A chanceler alemã, Angela Merkel, falou sobre Portugal no Bundestag e fez uma afirmação que está a entusiasmar os propagandistas pró-governamentais.

Segundo disse a chanceler, "Portugal apresentou um programa muito corajoso para os anos 2011, 2012, 2013. Era apropriado. Lamento profundamente que não tenha sido aprovado pelo parlamento [português]".

 

Acho que os propagandistas deviam meditar nesta frase e conter o seu entusiasmo. Na realidade, a senhora Merkel ultrapassou uma linha muito delicada e criticou um parlamento de outro país.

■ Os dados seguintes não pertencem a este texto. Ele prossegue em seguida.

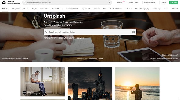 Unsplash’s website includes easy access to millions of free stock images |

Compreendo a frustração da chanceler, sei que tem eleições muito complicadas dentro de dias e que a declaração era para consumo interno, mas a Alemanha tem horror a parecer o elefante dentro da loja de cristais e foi isso mesmo que pareceu. A frase é extremamente infeliz.

 

O Conselho Europeu, onde a senhora Merkel tem uma opinião decisiva, é um órgão intergovernamental e não consta que ali se critiquem decisões de parlamentos. Estas aceitam-se. Se a chefe de governo da Alemanha criticasse uma decisão do parlamento britânico, por exemplo, imagine-se a comoção nas ilhas britânicas. Se o primeiro-ministro português criticasse uma decisão do Bundestag, que diria a senhora Merkel? O óbvio: é uma decisão da nossa democracia e não lhe diz respeito.

 

A senhora Merkel tem todo o direito de criticar o governo português por não poder concretizar um plano muito apropriado que apresentou no Conselho Europeu. Tem o direito de criticar Portugal pelo estado das suas finanças, que os contribuintes alemães terão provavelmente de financiar. Tem o direito de defender os interesses da Alemanha e de o dizer no seu parlamento.

Mas a União Europeia ainda não permite a crítica a decisões democráticas de parlamentos. O governo Sócrates era minoritário e dependia de outros partidos, que não consultou. A senhora Merkel de certeza que sabia disso. Criticar decisões de parlamentos nacionais não vem nos tratados e não pertence à tradição das declarações dos chefes de Governo europeus, pelo menos em público.

 

Os blogues têm destas coisas: o meu post foi escrito ao mesmo tempo do de Luís Menezes Leitão, mais abaixo, onde se explica muito melhor o que está aqui em causa.